▸ Task item: At the line with "A new deep model", start transcribing; stop after the last line of the data below. Keep it exact and leave pictures out.

▸ Data listing:
------------------------------------------------

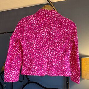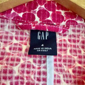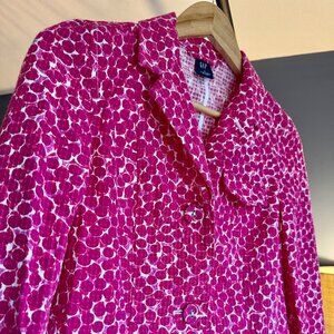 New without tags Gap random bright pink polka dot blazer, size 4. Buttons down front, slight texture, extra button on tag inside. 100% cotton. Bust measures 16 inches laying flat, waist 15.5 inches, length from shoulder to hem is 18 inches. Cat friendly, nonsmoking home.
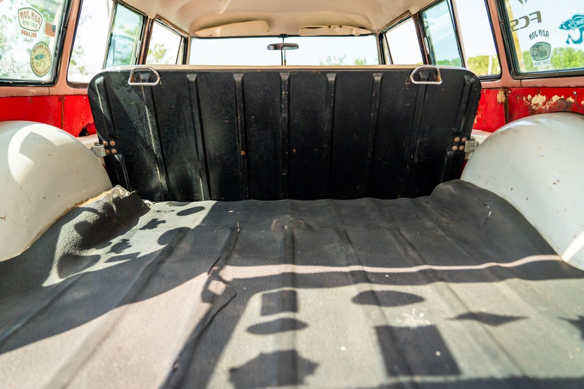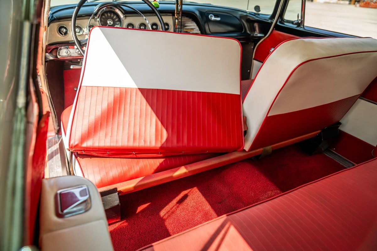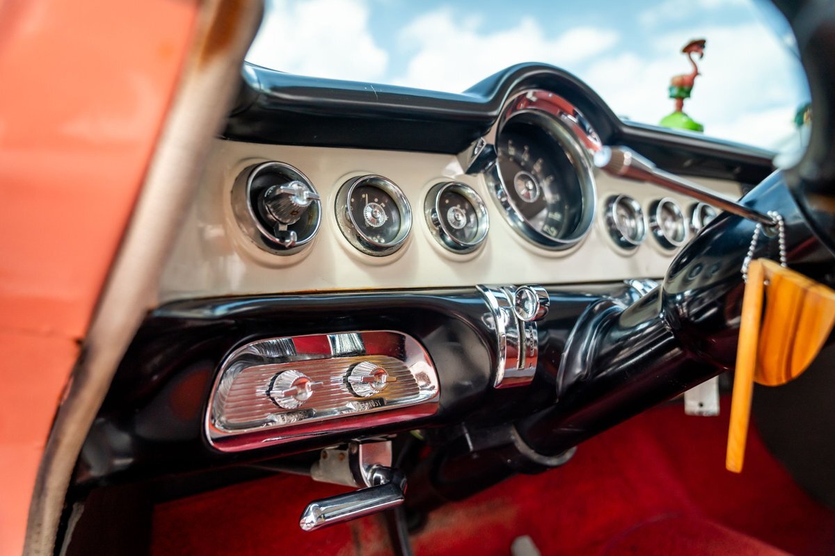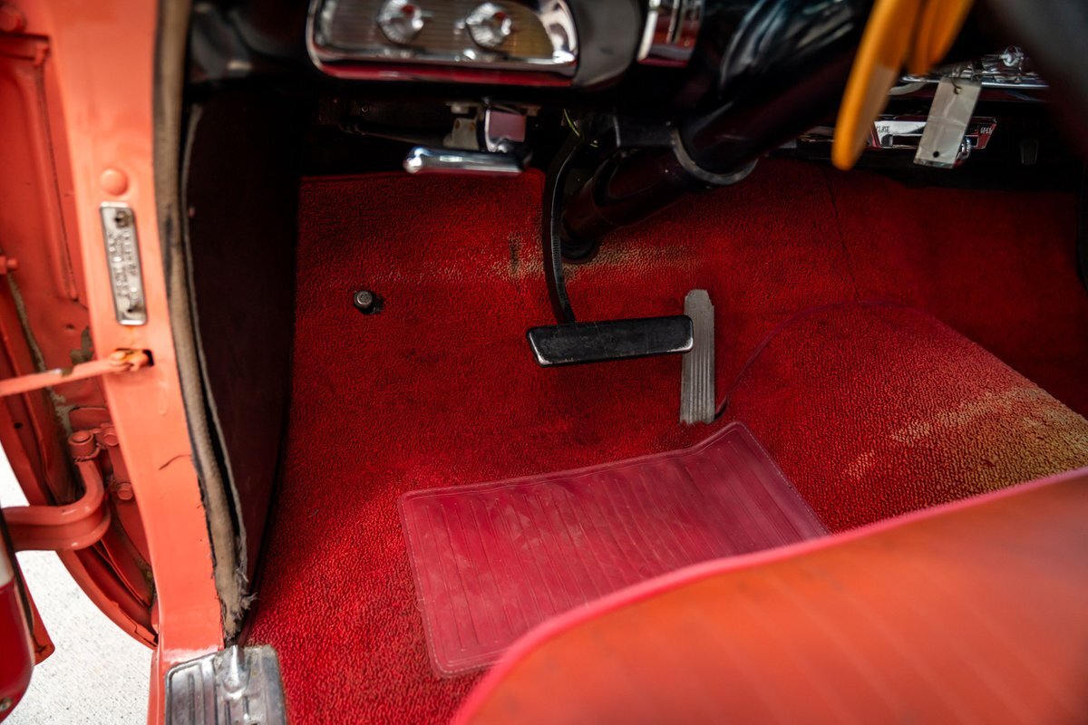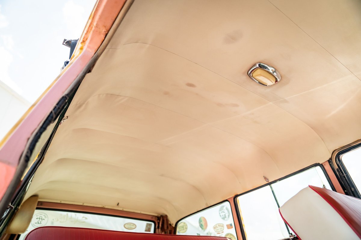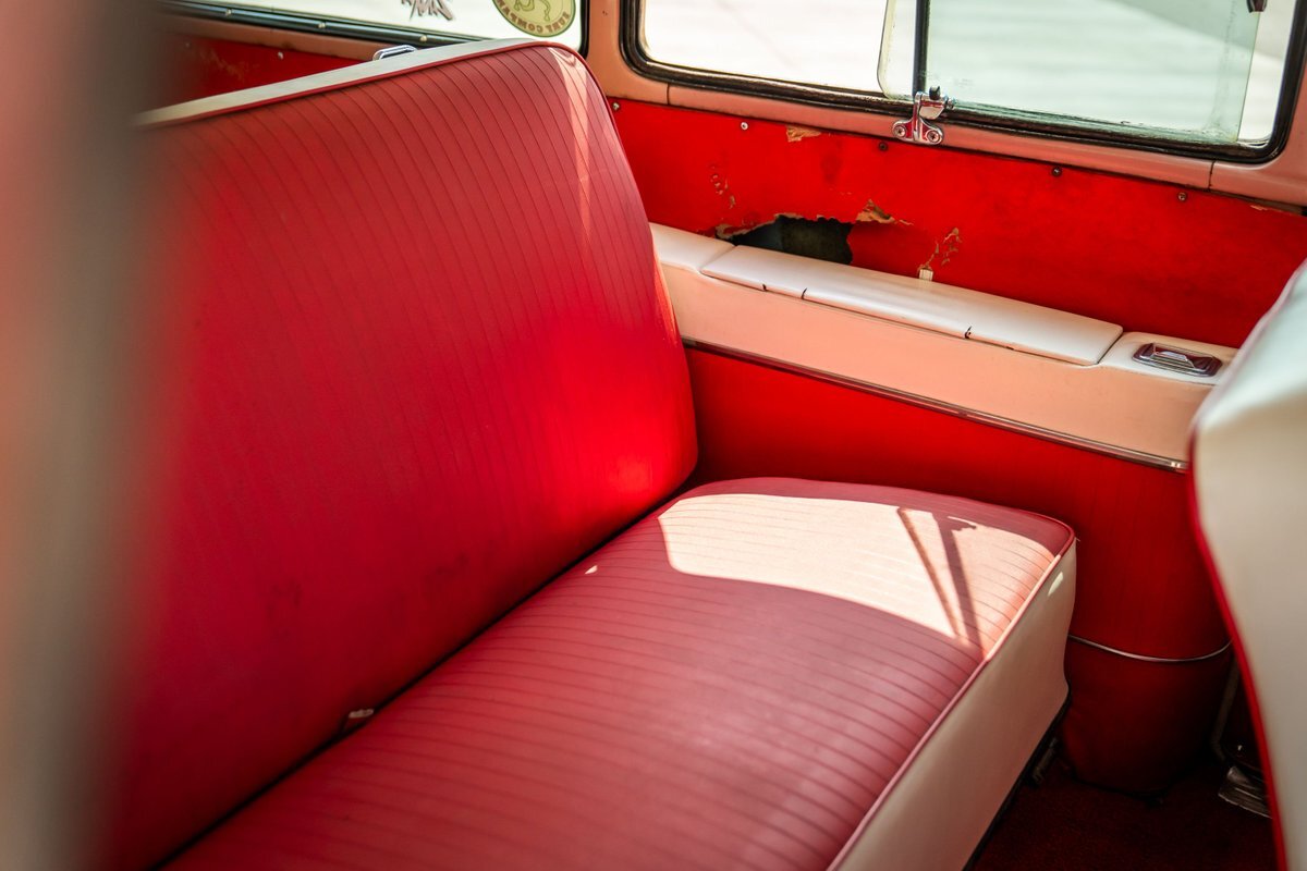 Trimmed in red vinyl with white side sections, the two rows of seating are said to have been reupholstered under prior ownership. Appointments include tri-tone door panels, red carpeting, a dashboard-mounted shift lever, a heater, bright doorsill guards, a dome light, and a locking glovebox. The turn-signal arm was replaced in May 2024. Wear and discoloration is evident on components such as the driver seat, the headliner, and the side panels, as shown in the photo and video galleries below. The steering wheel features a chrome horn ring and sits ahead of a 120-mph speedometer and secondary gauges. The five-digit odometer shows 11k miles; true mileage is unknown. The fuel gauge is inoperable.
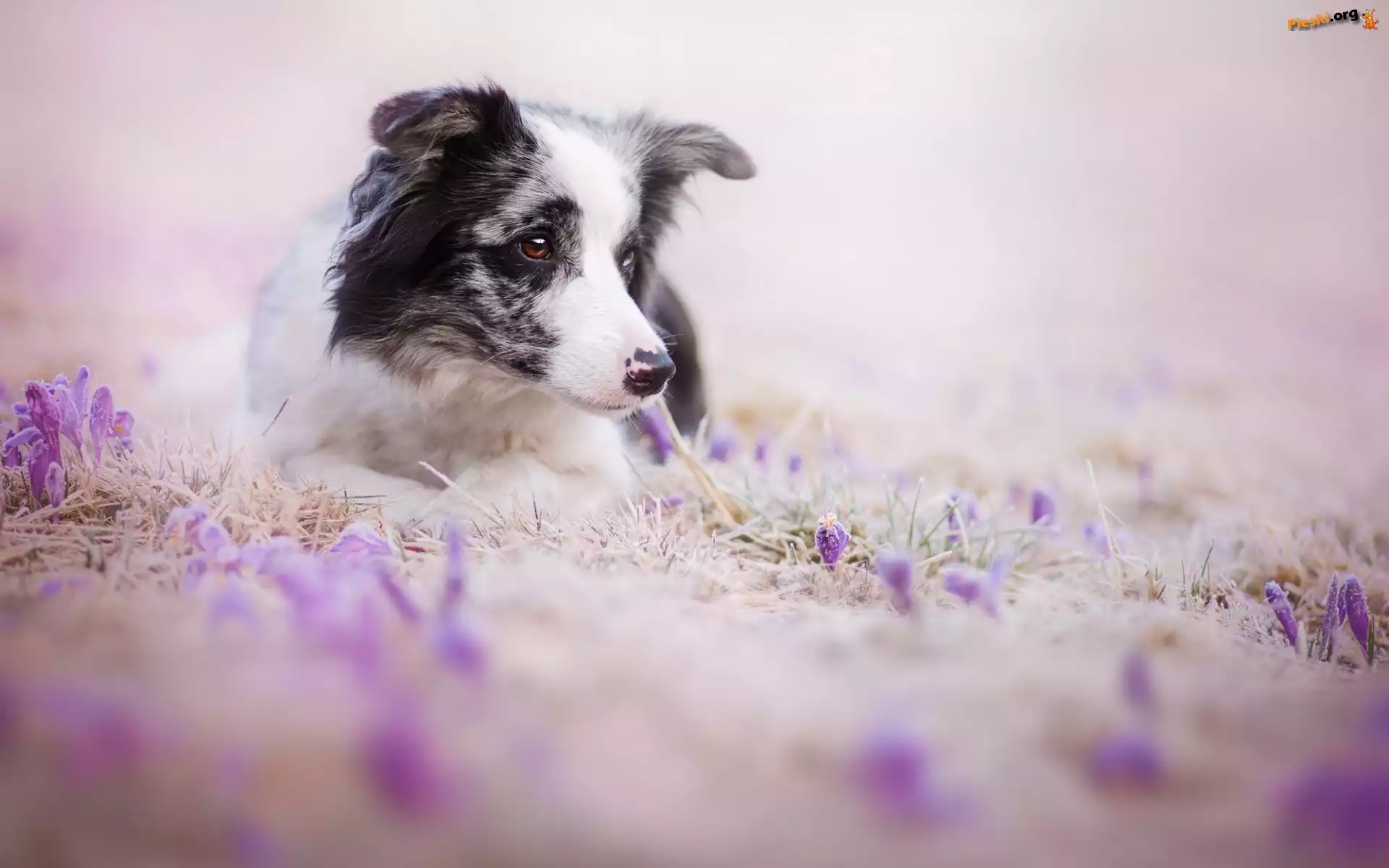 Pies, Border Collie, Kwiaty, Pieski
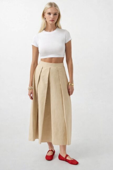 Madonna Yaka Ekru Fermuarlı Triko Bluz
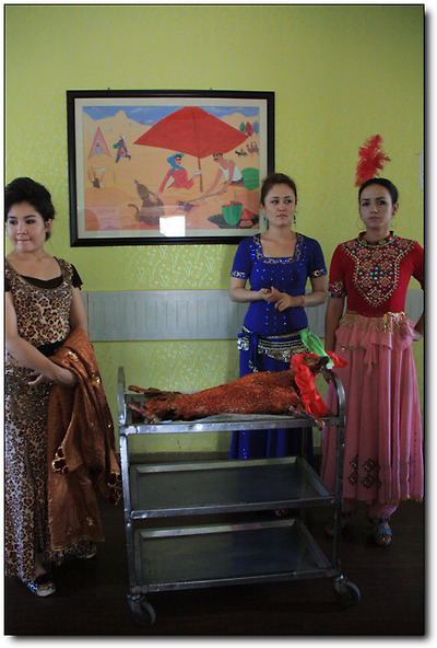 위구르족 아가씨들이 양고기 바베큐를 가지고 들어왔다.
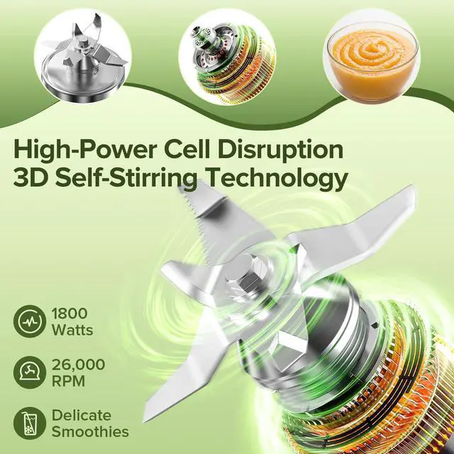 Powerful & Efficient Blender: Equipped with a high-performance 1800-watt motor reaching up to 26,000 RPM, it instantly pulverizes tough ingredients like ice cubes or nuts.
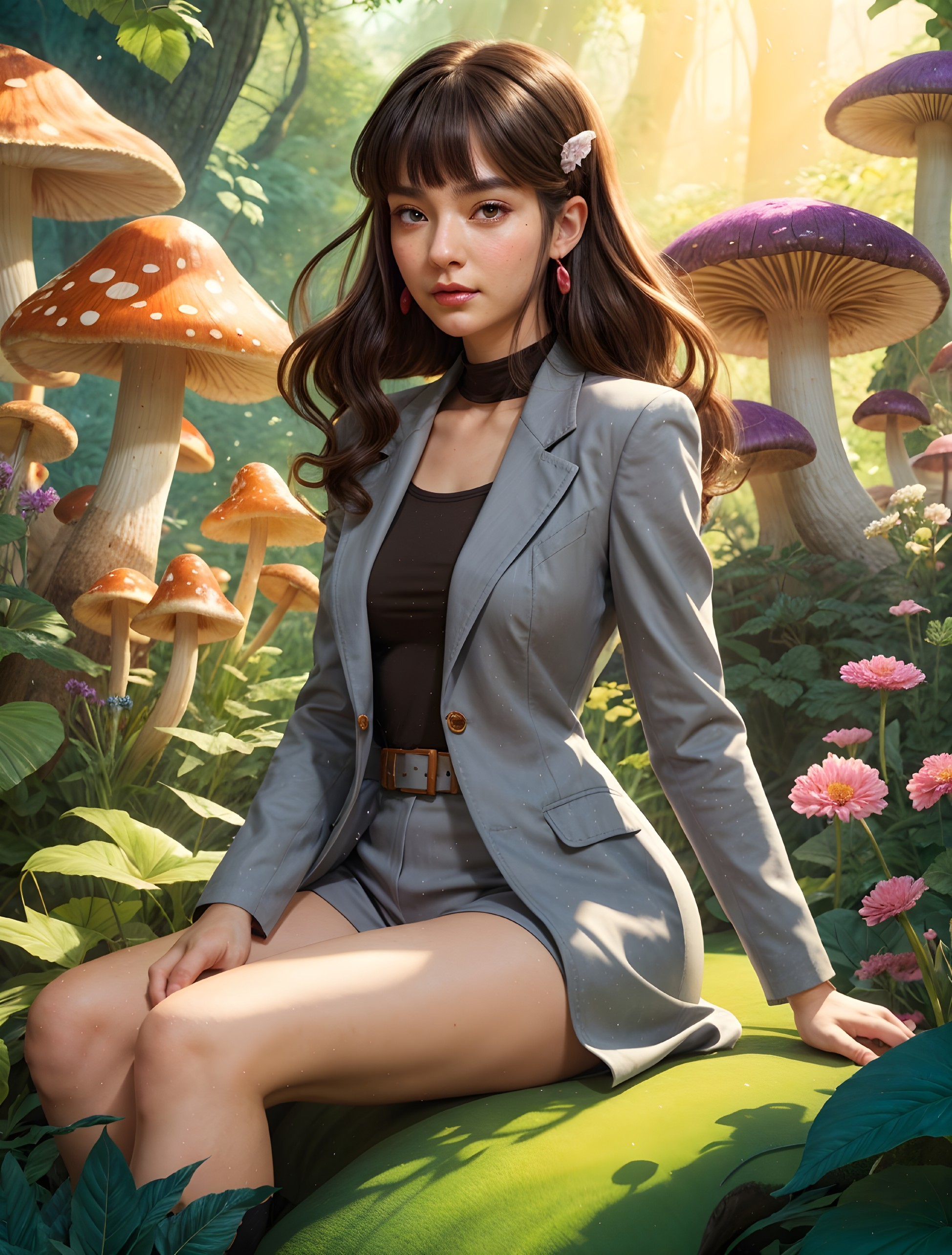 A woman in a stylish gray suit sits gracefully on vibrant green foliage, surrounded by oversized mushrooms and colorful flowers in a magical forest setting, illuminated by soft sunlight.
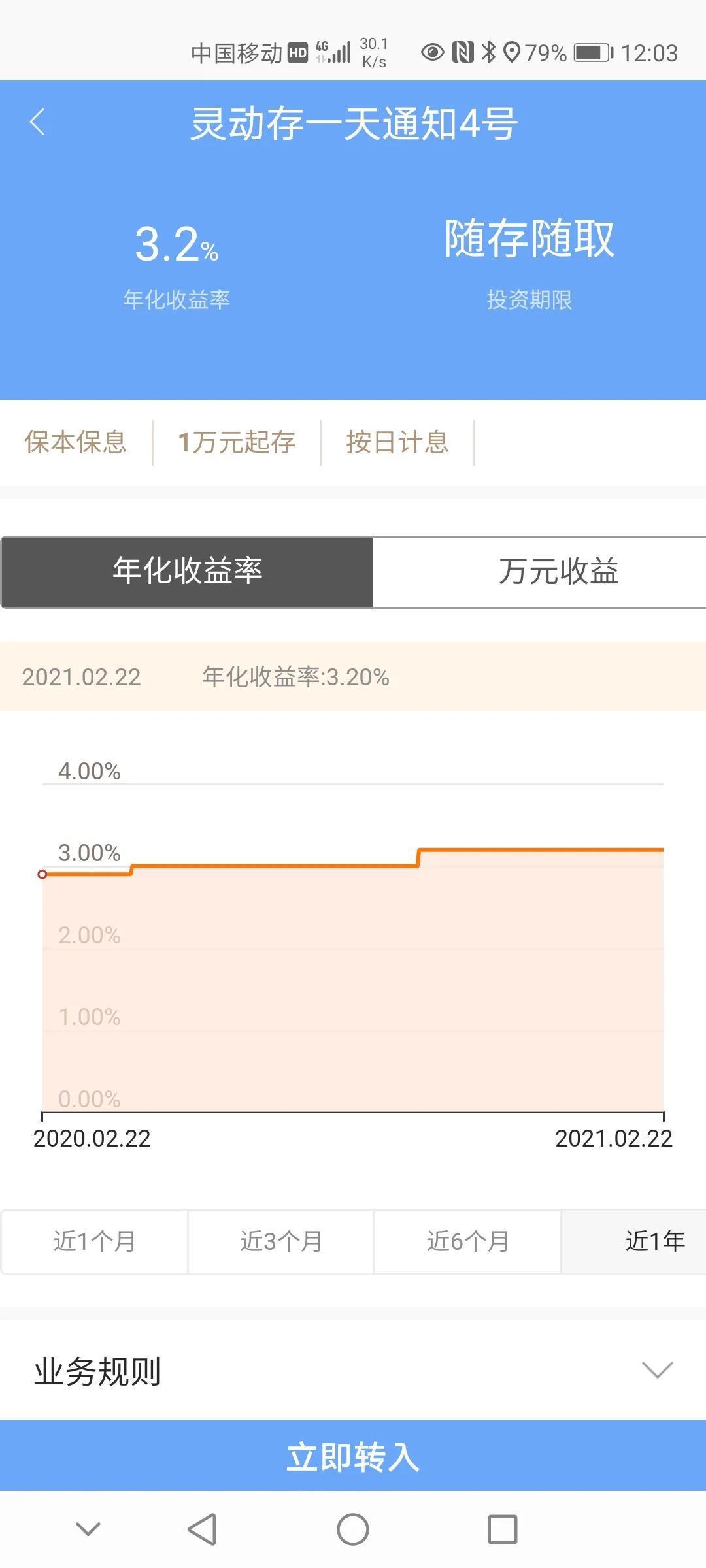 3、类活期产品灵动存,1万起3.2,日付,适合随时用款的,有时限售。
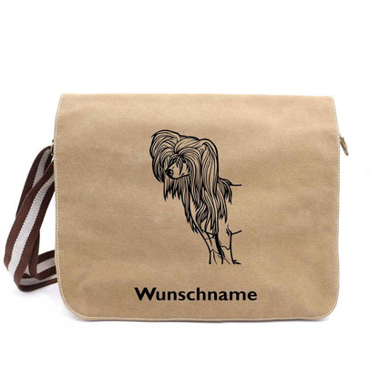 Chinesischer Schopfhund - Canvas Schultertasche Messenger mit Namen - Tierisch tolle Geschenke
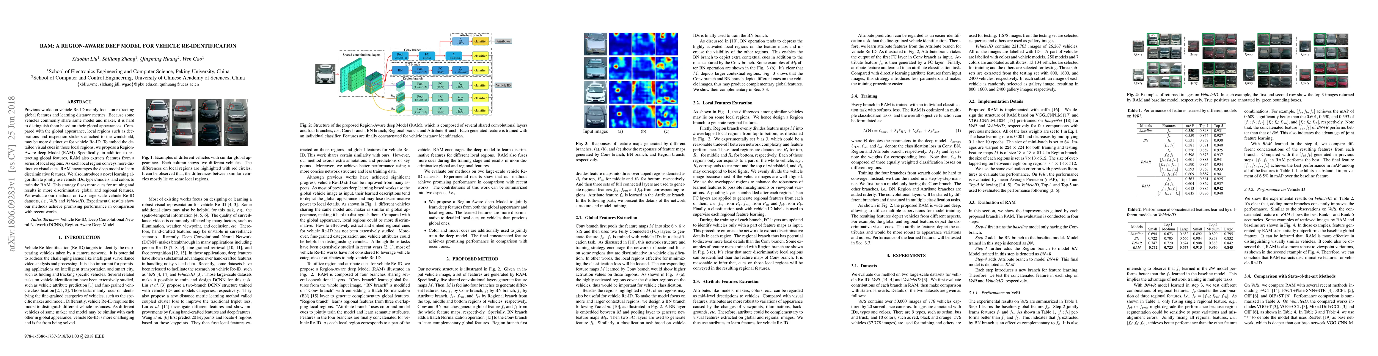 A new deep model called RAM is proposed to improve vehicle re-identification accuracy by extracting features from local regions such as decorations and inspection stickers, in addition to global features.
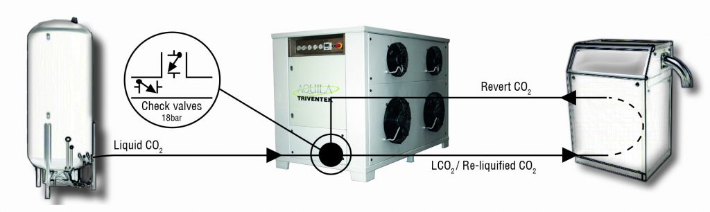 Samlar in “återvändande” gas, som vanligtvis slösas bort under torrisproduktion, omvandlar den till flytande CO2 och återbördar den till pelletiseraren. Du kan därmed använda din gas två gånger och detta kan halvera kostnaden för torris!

------------------------------------------------

▸ Answer for this exercise:
 A new deep model called RAM is proposed to improve vehicle re-identification accuracy by extracting features from local regions such as decorations and inspection stickers, in addition to global features.
 Samlar in “återvändande” gas, som vanligtvis slösas bort under torrisproduktion, omvandlar den till flytande CO2 och återbördar den till pelletiseraren. Du kan därmed använda din gas två gånger och detta kan halvera kostnaden för torris!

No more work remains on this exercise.